### WHAT YOU HAVE TO DO:
Copy the entries without a single change. Pictures should be dropped.

- Opening Delimiter -

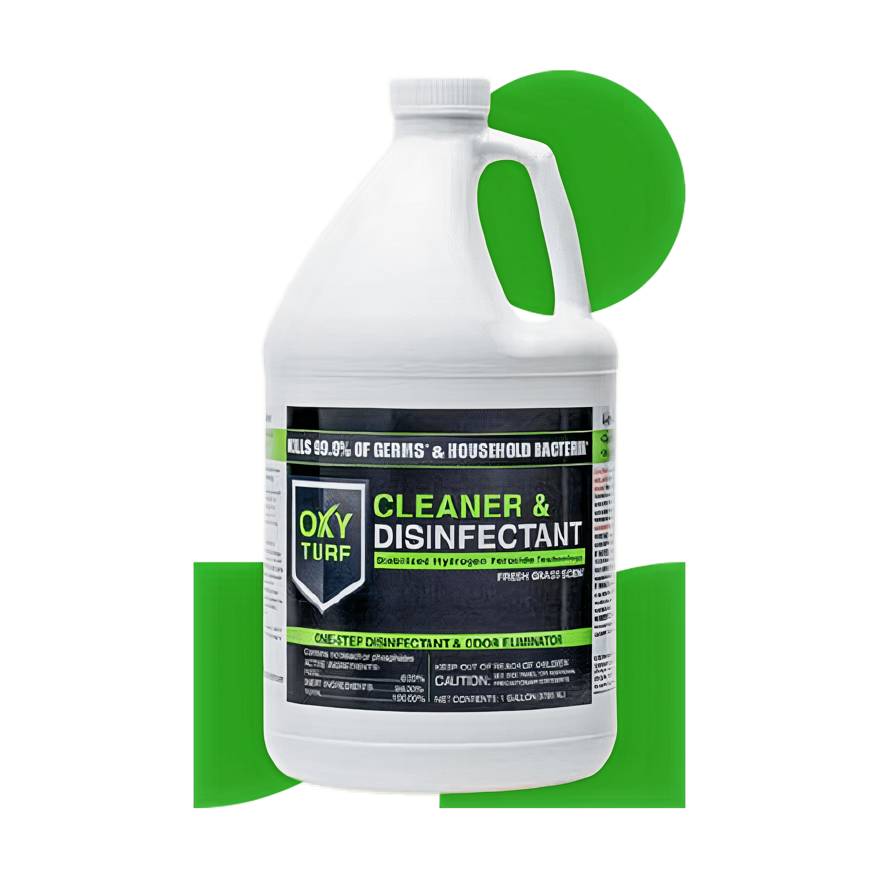 Oxyturf is formulated to disinfect 99.9% of microbes, viruses & bacteria. As a cleaner, Oxyturf removes togh stains, filth & cuts through tough grime or grease, without scrubbing.
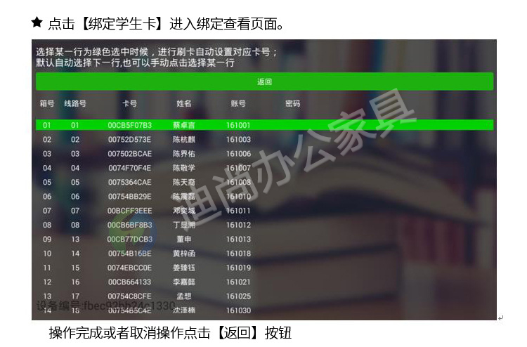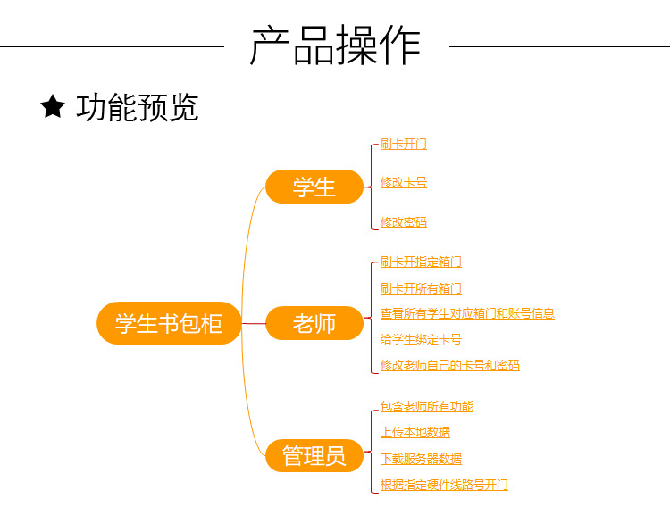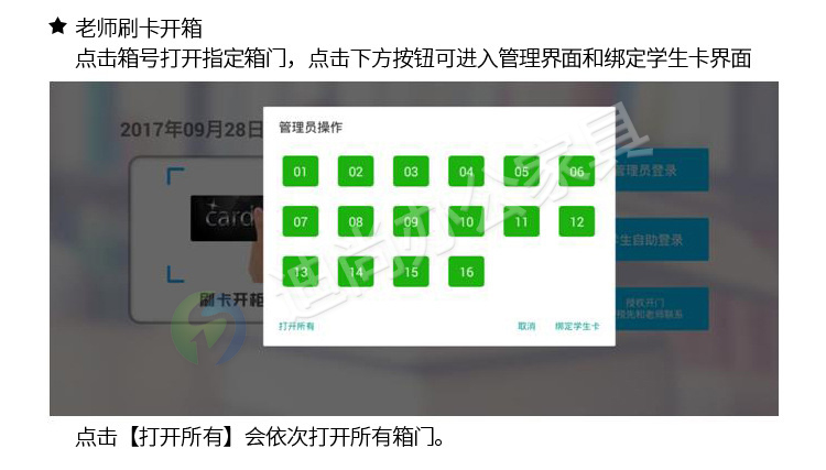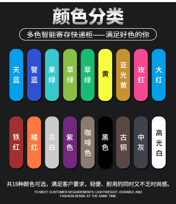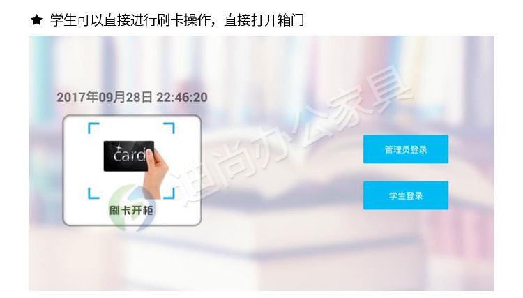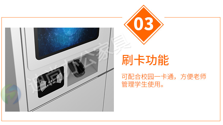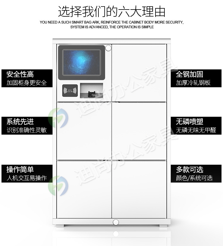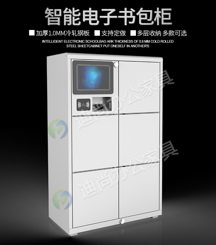 智能化管理学生书包存放问题,解决丢失钥匙烦恼 多种开门方式,可使用指纹、刷卡、自设密码、人脸识别、微信扫码、条码、投币式开门方式 采用优质冷轧钢板经剪切,冲压,折弯,焊接,装配等九工位精制而成 采用自动喷淋式磷化 粉末静电喷涂,涂膜不易脱落,环保耐用,无毒害,无气味,光洁美观 外观精美,安全系数良好 坚固耐用,承受力强,可存放大量物品不变形
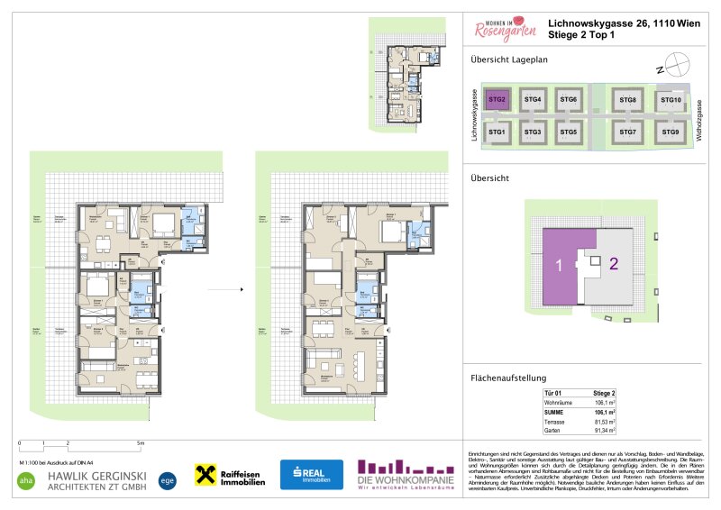 Moderne 2- bis 4-Zimmer-Wohnungen mit großzügigen Balkonen, Terrassen oder Garten Wohnflächen von 45 bis 77/110 ?m² mit hochwertiger Ausstattung Zukunftsorientierte Energieversorgung durch Wärmepumpen und Geothermie Niedrigenergiehaus-Standard: positiver DGNB ÖGNI Pre Check Fußbodenheizung und Fußbodentemperierung (Vorbereitung für Splitklimageräte im Dachgeschoß) Hochwertige Ausstattung: Parkettboden, Feinsteinzeugfliesen Hauseigene Tiefgarage mit 88 Plätzen, E-Tankstellen vorbereitet Großzügige Fahrradräume Kinder- und Jugendspielplatz Ruhige Grünlage mit sehr guter öffentlicher Anbindung Fenster mit 3-Scheiben-Wärmeschutz-Verglasung und elektrischen Außen-Beschattung mittels RaffstoresROSENGARTEN vereint Nachhaltigkeit und Lebensqualität.
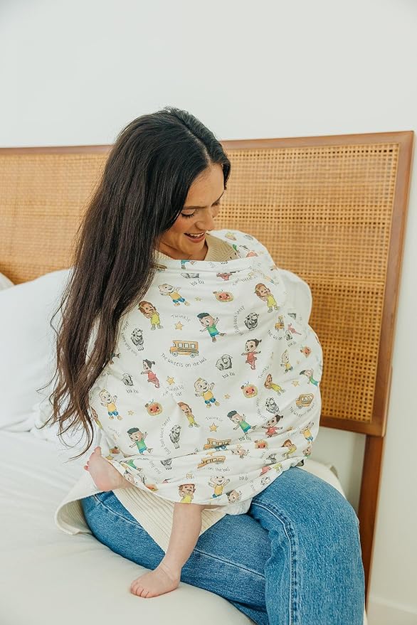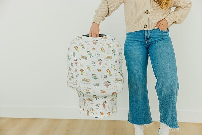 Copper Pearl Baby Car Seat Cover Canopy and Nursing Cover Multi-Use Stretchy 5 in 1 Gift 'CoComelon Friends' - One Size
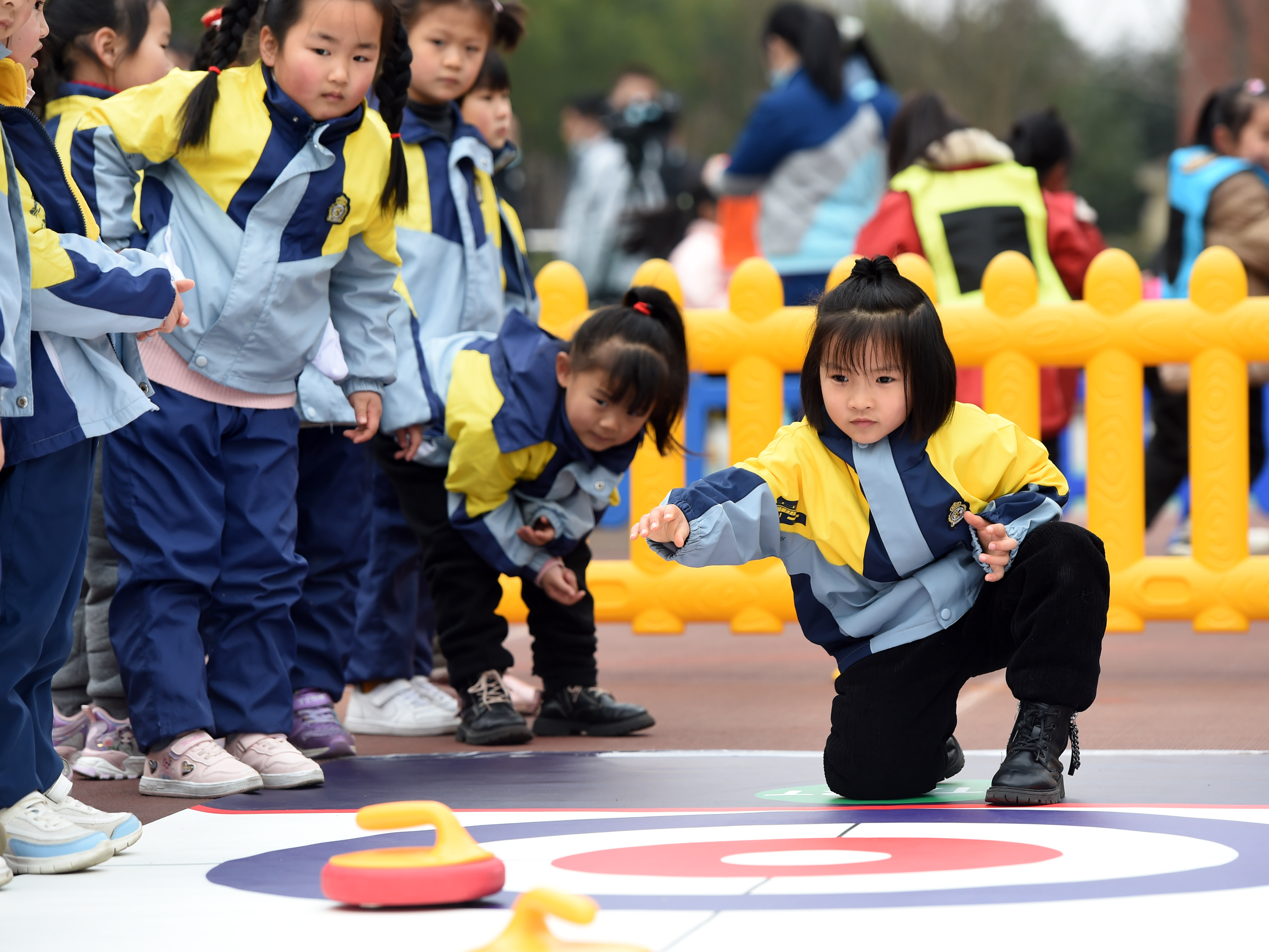 新华社照片,合肥,2022年2月16日 快乐“冬奥游戏”迎开学 2月16日,合肥市泰山路幼儿园的小朋友在开学典礼上体验“旱地冰壶”游戏。 当日是合肥市中小学幼儿园春季开学第一天,合肥市泰山路幼儿园在开学典礼上设置了“旱地冰壶”“旱地冰球”“滑雪橇”等游戏环节,让孩子们了解冬奥会的相关知识,感受运动的乐趣,迎接新学期的到来。 新华社记者 周牧 摄

- Closing Delimiter -

### ANSWER TO THE EXERCISE:
 Oxyturf is formulated to disinfect 99.9% of microbes, viruses & bacteria. As a cleaner, Oxyturf removes togh stains, filth & cuts through tough grime or grease, without scrubbing.
 智能化管理学生书包存放问题,解决丢失钥匙烦恼 多种开门方式,可使用指纹、刷卡、自设密码、人脸识别、微信扫码、条码、投币式开门方式 采用优质冷轧钢板经剪切,冲压,折弯,焊接,装配等九工位精制而成 采用自动喷淋式磷化 粉末静电喷涂,涂膜不易脱落,环保耐用,无毒害,无气味,光洁美观 外观精美,安全系数良好 坚固耐用,承受力强,可存放大量物品不变形
 Moderne 2- bis 4-Zimmer-Wohnungen mit großzügigen Balkonen, Terrassen oder Garten Wohnflächen von 45 bis 77/110 ?m² mit hochwertiger Ausstattung Zukunftsorientierte Energieversorgung durch Wärmepumpen und Geothermie Niedrigenergiehaus-Standard: positiver DGNB ÖGNI Pre Check Fußbodenheizung und Fußbodentemperierung (Vorbereitung für Splitklimageräte im Dachgeschoß) Hochwertige Ausstattung: Parkettboden, Feinsteinzeugfliesen Hauseigene Tiefgarage mit 88 Plätzen, E-Tankstellen vorbereitet Großzügige Fahrradräume Kinder- und Jugendspielplatz Ruhige Grünlage mit sehr guter öffentlicher Anbindung Fenster mit 3-Scheiben-Wärmeschutz-Verglasung und elektrischen Außen-Beschattung mittels RaffstoresROSENGARTEN vereint Nachhaltigkeit und Lebensqualität.
 Copper Pearl Baby Car Seat Cover Canopy and Nursing Cover Multi-Use Stretchy 5 in 1 Gift 'CoComelon Friends' - One Size
 新华社照片,合肥,2022年2月16日 快乐“冬奥游戏”迎开学 2月16日,合肥市泰山路幼儿园的小朋友在开学典礼上体验“旱地冰壶”游戏。 当日是合肥市中小学幼儿园春季开学第一天,合肥市泰山路幼儿园在开学典礼上设置了“旱地冰壶”“旱地冰球”“滑雪橇”等游戏环节,让孩子们了解冬奥会的相关知识,感受运动的乐趣,迎接新学期的到来。 新华社记者 周牧 摄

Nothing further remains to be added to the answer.